Max Bush, Research Assistant in the Sablowski Lab at the John Innes Centre, explains how the CoolLED pE-300white is helping them understand genetic mechanisms in plant development, opening the way to controlling plant growth and increasing crop performance in a changing climate.
Improvement in crop yields for the increasing human population will be necessary to compensate for the sub-optimal growth conditions of an increasingly dynamic climate. Understanding how model plants such as Arabidopsis adapt to a changing environment, will help in breeding more productive crops that tolerate a wide range of climates. Crop yield depends largely on stem height and the architecture of the region bearing flowers and grains. The stem grows at its proliferative tip called the shoot apical meristem (SAM). Boundary domains of restricted growth within the SAM define the borders of newly forming organs e.g. flowers that become grains. We work on the genetics and cell biology of meristem and stem development in Arabidopsis and in related crop species (Brassica). The interests of the Sablowski lab include:
How the stem is initiated
How stems originate is a major gap in our understanding of plant development. During Arabidopsis stem initiation, the SAM regulatory gene REPLUMLESS controls 3D patterns of cell division and growth through repression of boundary genes.1
Understanding how stem development is regulated
DELLA mutants with greatly improved crop yield were developed during the ‘green revolution’. DELLA proteins have genetically separable roles in controlling stem growth and the size of the SAM and could unlock further yield gains.2 We are using mathematical models and confocal microscopy to understand how SAM cells actively maintain a target size, but are released from this constraint as individual organs grow.3
Finding novel genes involved in stem development
We identified candidate genes involved in stem architecture using GWAS and use CRISPR-cas9 gene-editing to study the effect of mutated alleles in stem growth. One such gene is involved in stem vasculature development. Some IQD genes are regulated by transcription factors important for stem growth. IQD gene mis-expression in tomato and rice plants exhibit altered fruit shape, indicating they could be useful for modifying key agronomic traits. We are investigating the effect of altered IQD gene expression in the SAM on plant growth.

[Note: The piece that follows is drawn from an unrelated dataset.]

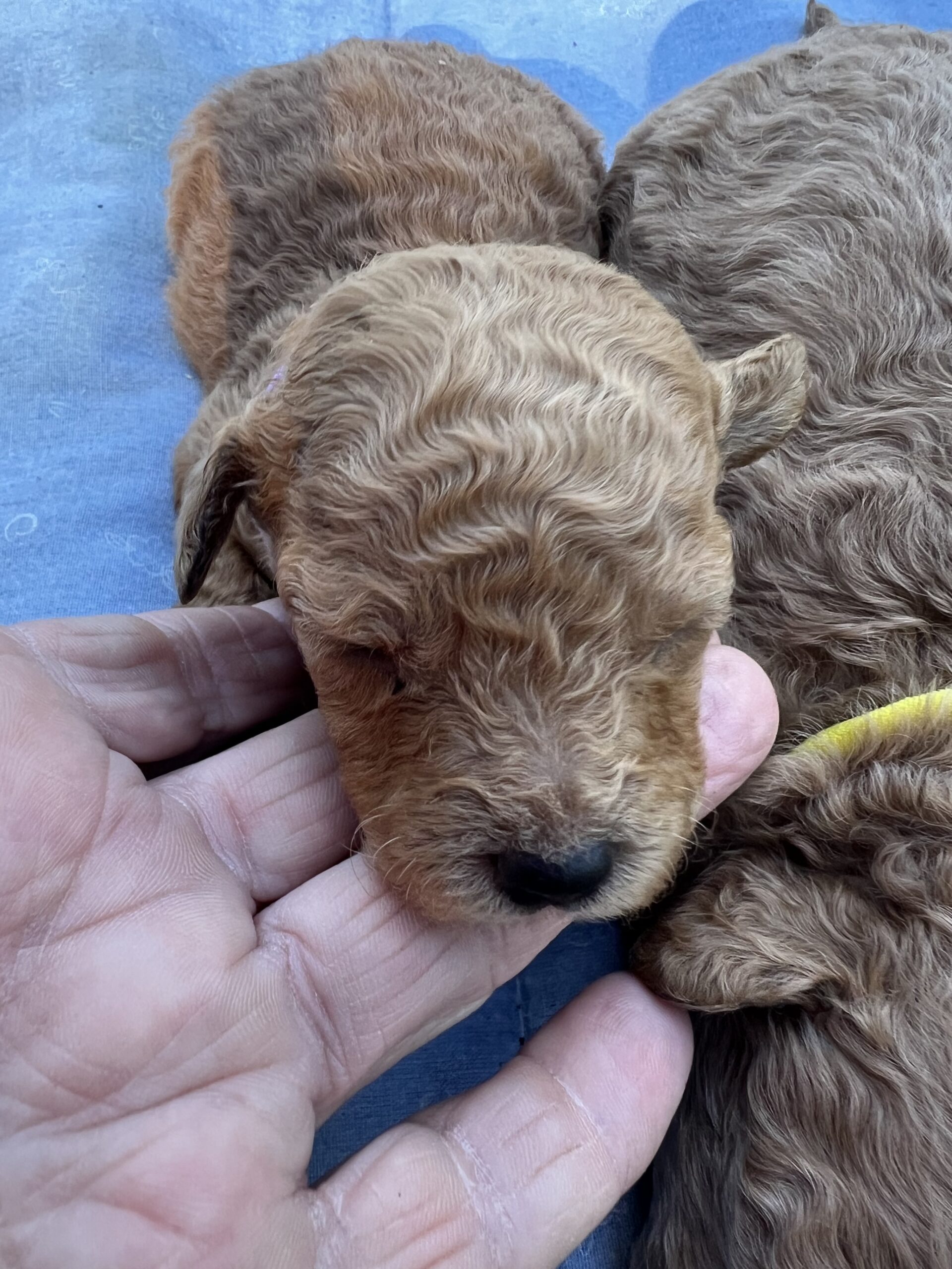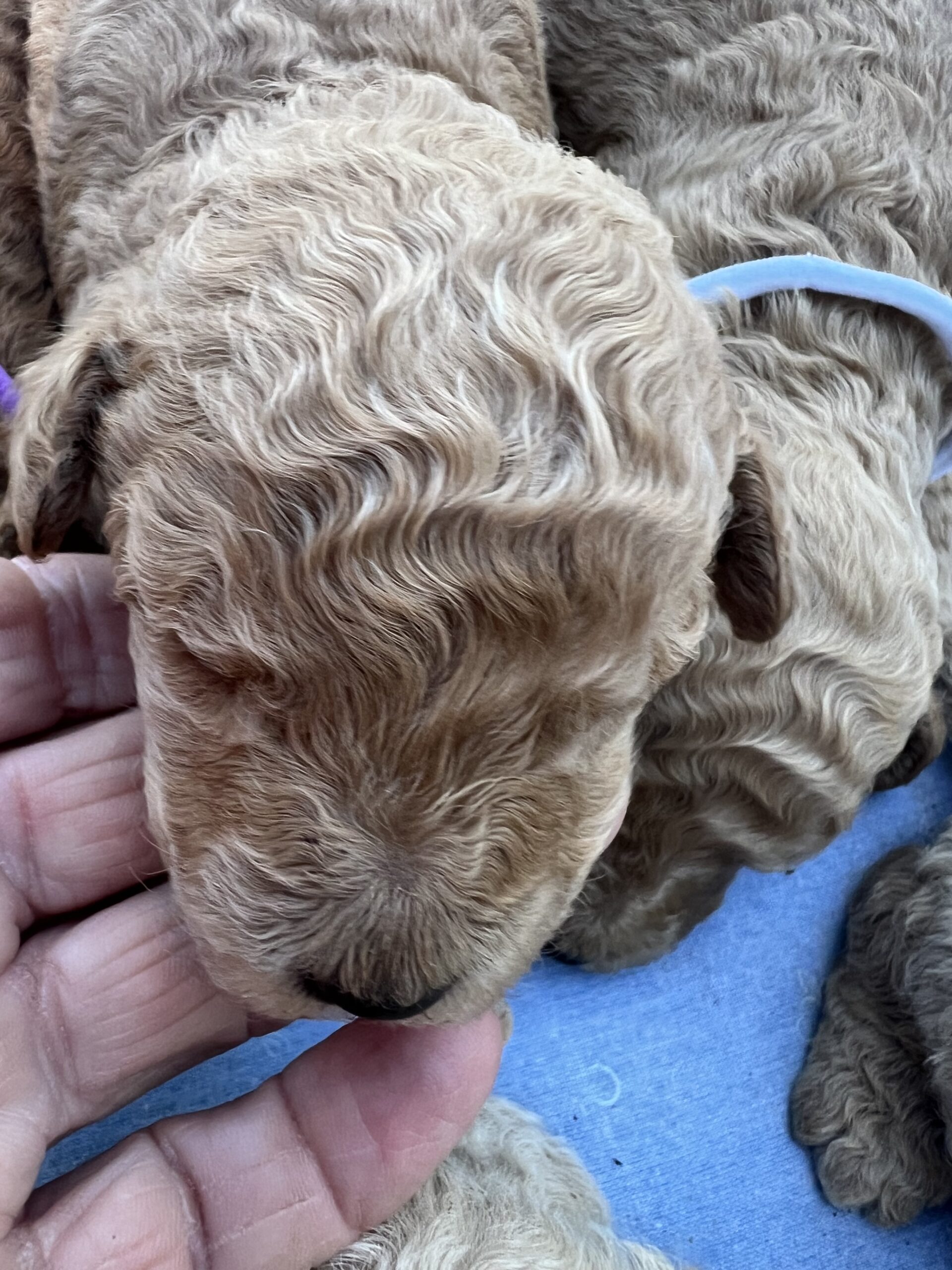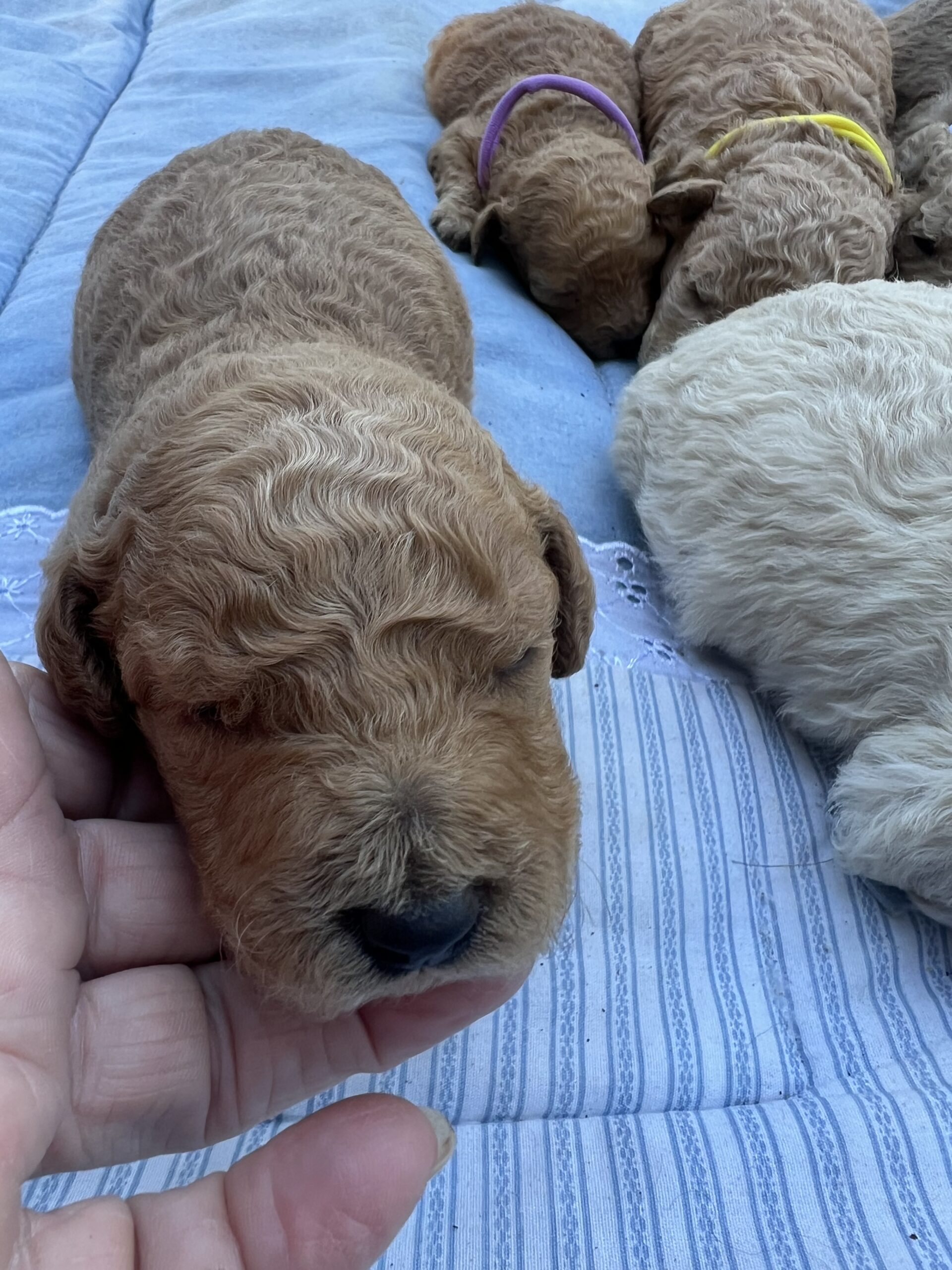 Adopted: Ambers purple collar girl: Dark Apricot Mini/Medium Goldendoodle

How regulatory genes coordinate cell division and cell growth at the SAM
ATH1 is a key regulator of stem growth and acts as a “gatekeeper” for hormone signalling that promotes stem growth. By investigating ATH1 regulatory sequences, useful data may be found to create new variation in crops. The coordinated growth of boundary domains relies on a tight control of local gene transcription and inter-regional hormone signalling. Understanding how boundary genes and hormone signalling control stem growth could increase plant productivity by modifying plant height and shape.
Screening for genetically transformed seeds with CoolLED pE-300white Illumination System
We use our CoolLED Illumination System to screen for our CRISPR-cas9 TDNA that incorporates a DsRed-tagged seed coat gene; fluorescence confirms the presence of TDNA allowing selection of transformed seeds. In the next generation, we want non-fluorescing brown seeds bearing only the genetic mutation of interest.
We also use the Illumination System to screen seedlings that are segregating for reporter genes (see root tip image).
Ultimately, we aim to reveal fundamental principles of plant development to allow modification of plant growth and increase crop performance. We hope to reveal the genetic mechanisms controlling stem initiation and produce novel genetic tools to control the height and shape of plants.
References
- Bencivenga et al. (2016). Developmental Cell 39, 198-208.
- Serrano-Mislata et al. (2017). Nature Plants 3, 749-754.
- Serrano-Mislata et al. (2015). Current Biology 25, 2991-2996.